APARC awards the Shorenstein postdoctoral fellowship annually to support recent PhDs who research contemporary political, economic, or social change in the Asia-Pacific region, or topics in international relations and international political economy in the region. Milliff earned a PhD in Political Science from the Massachusetts Institute of Technology, where he was affiliated with the MIT Security Studies Program and Harvard’s Lakshmi Mittal South Asia Institute. He is a former James C. Gaither Junior Fellow in the South Asia Program at the Carnegie Endowment for International Peace.

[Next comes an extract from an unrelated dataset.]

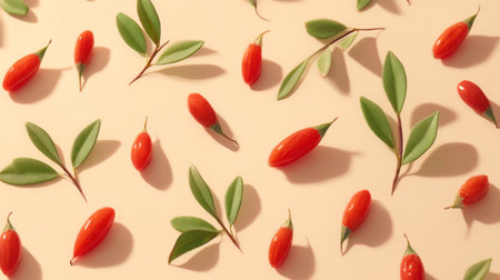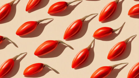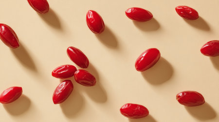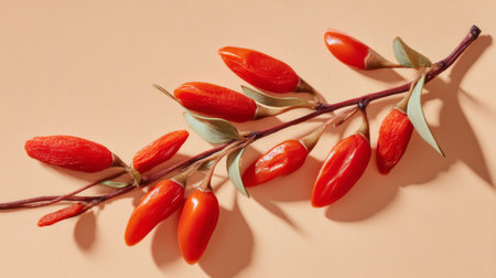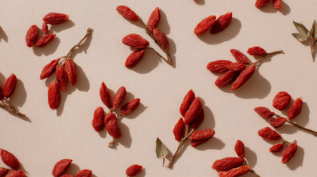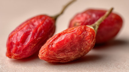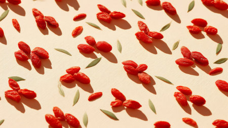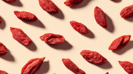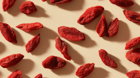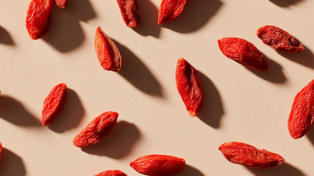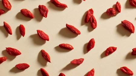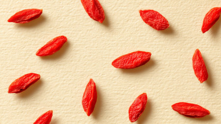 A captivating arrangement of vibrant red goji berries on a soft beige background, emphasizing their unique shape and texture in a minimalist setting. Ideal for health-focused themes.

For Milliff, the Shorenstein postdoctoral fellowship afforded the opportunity to advance his research and refine a forthcoming manuscript project. He recently presented his work in a South Asia Initiative seminar entitled “How Indians See China.” Examining some 60 years of data on Indian public attitudes towards China, Milliff’s research shows clear historical trends in Indian opinion towards China. In recent years, Indian views of China had been souring well before the border crisis of 2020, and before government policy began to harden. Using a rich body of new polling data, Milliff examines how the government is constrained by and seeks to shape the public’s opinion towards China. 

We caught up with Aidan to discuss his research and experience at Stanford this academic year. The conversation has been slightly edited for length and clarity.

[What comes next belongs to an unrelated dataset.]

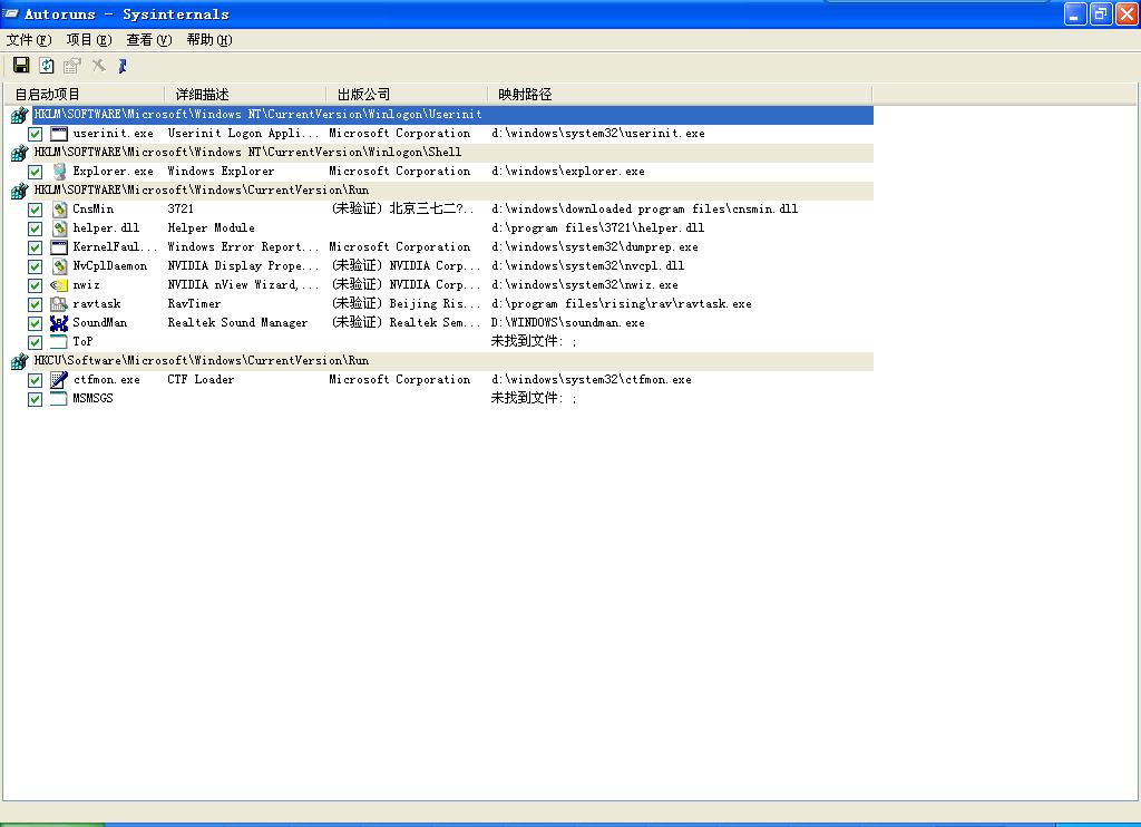 O4 - 启动项HKLM\\Run: [NvCplDaemon] RUNDLL32.EXE D:\WINDOWS\System32\NvCpl.dll,NvStartup

First off, congratulations on receiving the 2022 Best Paper Award from the American Political Science Association Conflict Processes Section for your job market paper! How did you develop this paper project?

Thank you! This paper is kind of the article-length version of a book manuscript that I have been working on during my time at APARC. The book is trying to tackle a big, amorphous question: how do ordinary people make decisions about their safety and survival when they are threatened by political violence?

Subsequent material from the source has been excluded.